* Task prompt:
Output, exactly as written, the lines below starting at the line containing "Pleat front blouse." and ending at the line containing "Warner Brothers Activa". Drop the pictures and keep both end lines.

[[ Material for this exercise, beginning ]]

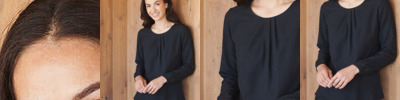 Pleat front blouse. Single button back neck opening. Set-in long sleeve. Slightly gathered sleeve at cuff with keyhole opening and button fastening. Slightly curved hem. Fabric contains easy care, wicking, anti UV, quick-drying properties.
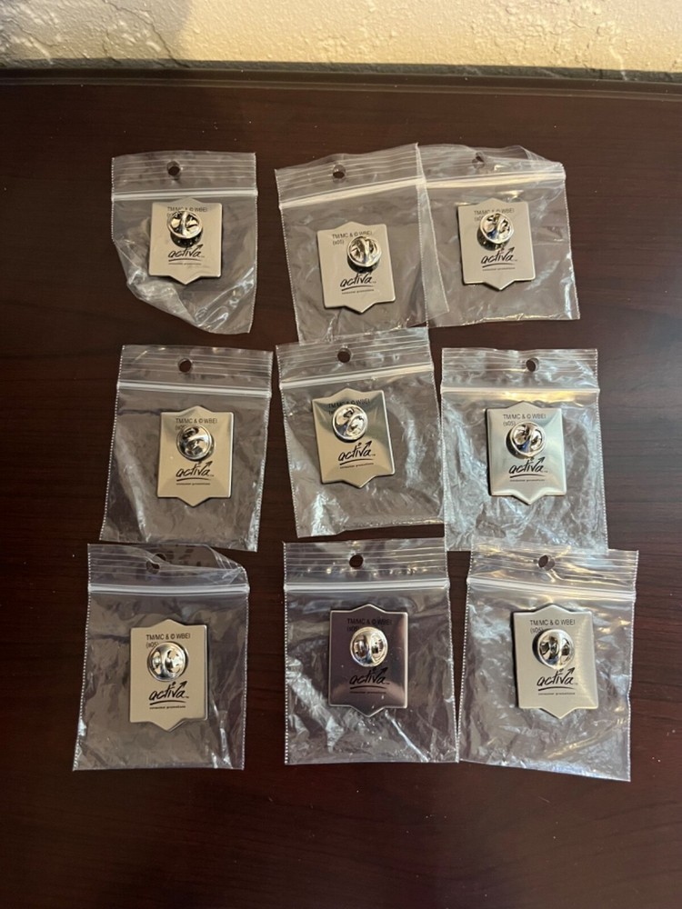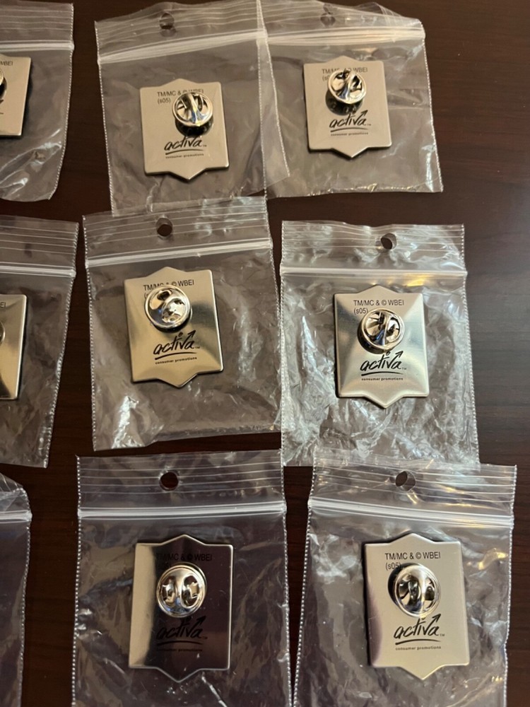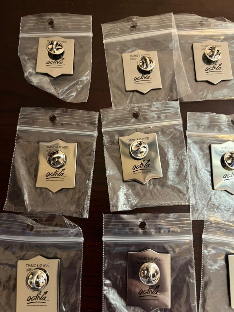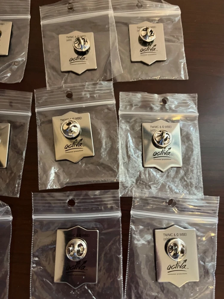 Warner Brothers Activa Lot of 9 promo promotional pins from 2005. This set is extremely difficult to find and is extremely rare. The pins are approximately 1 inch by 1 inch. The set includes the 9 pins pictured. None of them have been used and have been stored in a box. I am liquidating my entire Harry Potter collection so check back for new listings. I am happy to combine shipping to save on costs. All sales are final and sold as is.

[[ Material for this exercise, end ]]
[[ Material for this exercise, beginning ]]

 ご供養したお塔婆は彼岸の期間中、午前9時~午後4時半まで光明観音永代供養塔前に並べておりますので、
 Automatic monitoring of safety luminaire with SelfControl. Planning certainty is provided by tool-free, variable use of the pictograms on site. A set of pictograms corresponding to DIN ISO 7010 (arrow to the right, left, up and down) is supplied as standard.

[[ Material for this exercise, end ]]

* Result for this exercise:
 Pleat front blouse. Single button back neck opening. Set-in long sleeve. Slightly gathered sleeve at cuff with keyhole opening and button fastening. Slightly curved hem. Fabric contains easy care, wicking, anti UV, quick-drying properties.
 Warner Brothers Activa Lot of 9 promo promotional pins from 2005. This set is extremely difficult to find and is extremely rare. The pins are approximately 1 inch by 1 inch. The set includes the 9 pins pictured. None of them have been used and have been stored in a box. I am liquidating my entire Harry Potter collection so check back for new listings. I am happy to combine shipping to save on costs. All sales are final and sold as is.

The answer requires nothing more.